Defying Gravity, 19/?, by ainsleyaisling

Jan 01, 2009 15:44

Title: Defying Gravity, 19/?
Author: ainsleyaisling
Rating: PG
'Verse: Musical AU; some details from bookverse
Summary: Glinda and Elphaba - and Fiyero - working hand-in-hand, the way it was supposed to be . . . maybe . . .
This chapter: A new magic may be coming into the picture, and Glinda explores.
Disclaimer: Wicked belongs mostly to Gregory Maguire, and musicalverse belongs to Stephen Schwartz, Winnie Holzman, and possibly Universal.
Notes: Sequel to "The Effects of Gravity," a link to all chapters of which, plus the posted chapters of this story, can be found here. The previous chapter of this story can be found here.



~~Elphaba~~

Glinda was right, in that the entire idea seemed sort of crazy in the morning - but not crazy enough to forget about it entirely. She waited until Glinda had finished most of a cup of tea, and then said, "So, do you want to try it?"
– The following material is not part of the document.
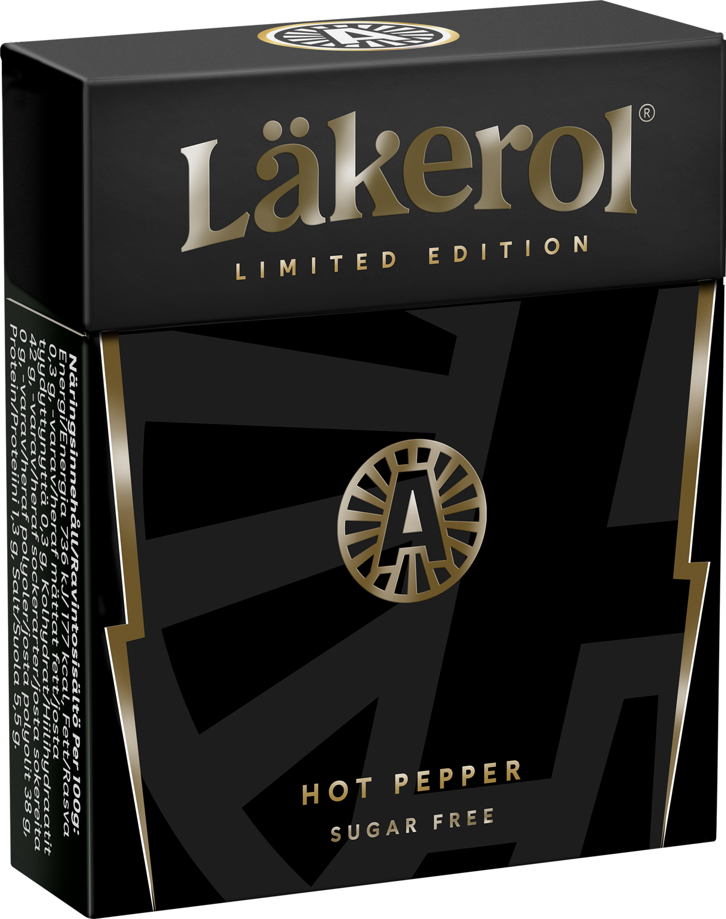 VegaaninenLäkerol Classic Hot Pepper -pastilli on intensiivinen yhdistelmä salmiakkia ja tulista chiliä. Pieni ja kätevä rasia on helppo ottaa mukaan minne tahansa. Läkerol-pastillit tarjoavat sokerittoman vaihtoehdon makeannälkään ja piristävät samalla päivääsi.

She didn't have to say what she was talking about - although they hadn't discussed the idea all morning, she knew they were both thinking about it. Glinda pointed to herself with her teaspoon. "Me?"

"It was your idea."

"You keep saying that," Glinda said, putting her teaspoon carefully into her cup, "and I don't think that makes it true."
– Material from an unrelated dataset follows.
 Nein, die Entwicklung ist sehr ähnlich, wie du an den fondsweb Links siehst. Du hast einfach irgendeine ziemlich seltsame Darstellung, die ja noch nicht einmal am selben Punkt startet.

"I wouldn't have thought of it without you," Elphaba said. She cleared a little space on the table between them, pushing aside a plate of toast. "Anyway I sort of want to see what happens if you actually try your idea."

"My - ah." Glinda sighed and rubbed her fingers together as if to make sure there were no crumbs on them. "All right. Don't be surprised if I accidentally cross magics and something explodes."

"That would be interesting."

Glinda's eyes narrowed on the air in front of her as she held out both hands, palms cupped toward each other. Elphaba didn't know whether she had been practicing the spell on her own, or studying it in between learning the spells Morrible had set her, but she remembered it perfectly, muttering the words under her breath - except, Elphaba noted with some amusement, the words that had to be spoken silently in front of others. Safest to stay in that habit, she supposed. Once the spell was spoken, Glinda raised one eye toward Elphaba from the circle of her hands and added, "Find Ozma's rubies." Elphaba returned the most arch look she could manage, before the sphere started to materialize in Glinda's hands.

Green mist swirled in cloudlike patterns, not immediately showing anything but giving off some sense of . . . urgency? Glinda glanced up, blue eyes reflecting a sort of aquamarine, and gave a small shrug.

"What did you ask it to find?" Elphaba asked softly.

"Rubies anywhere in the building," Glinda replied, one side of her mouth curling into a doubtful grimace. "I wonder if they're even allowed. I've never seen Morrible wearing any."

"No, and she wears more jewels than anyone else I've ever seen." Elphaba bit on her lip and stared into the swirling mist. It seemed so much more agitated than the other times they'd ask for things that didn't exist. She wondered whether Glinda was thinking the same thing, whether that was the reason that she hadn't yet ended the spell. "I wonder," she murmured.

"Oh!" Glinda said suddenly. "Oh, wait." She brought her hands together hastily, winking the sphere out of existence, and then immediately began to chant again. Elphaba was afraid to break her concentration by asking questions, so she only leaned close, watching the air in front of Glinda with a renewed sense of expectation.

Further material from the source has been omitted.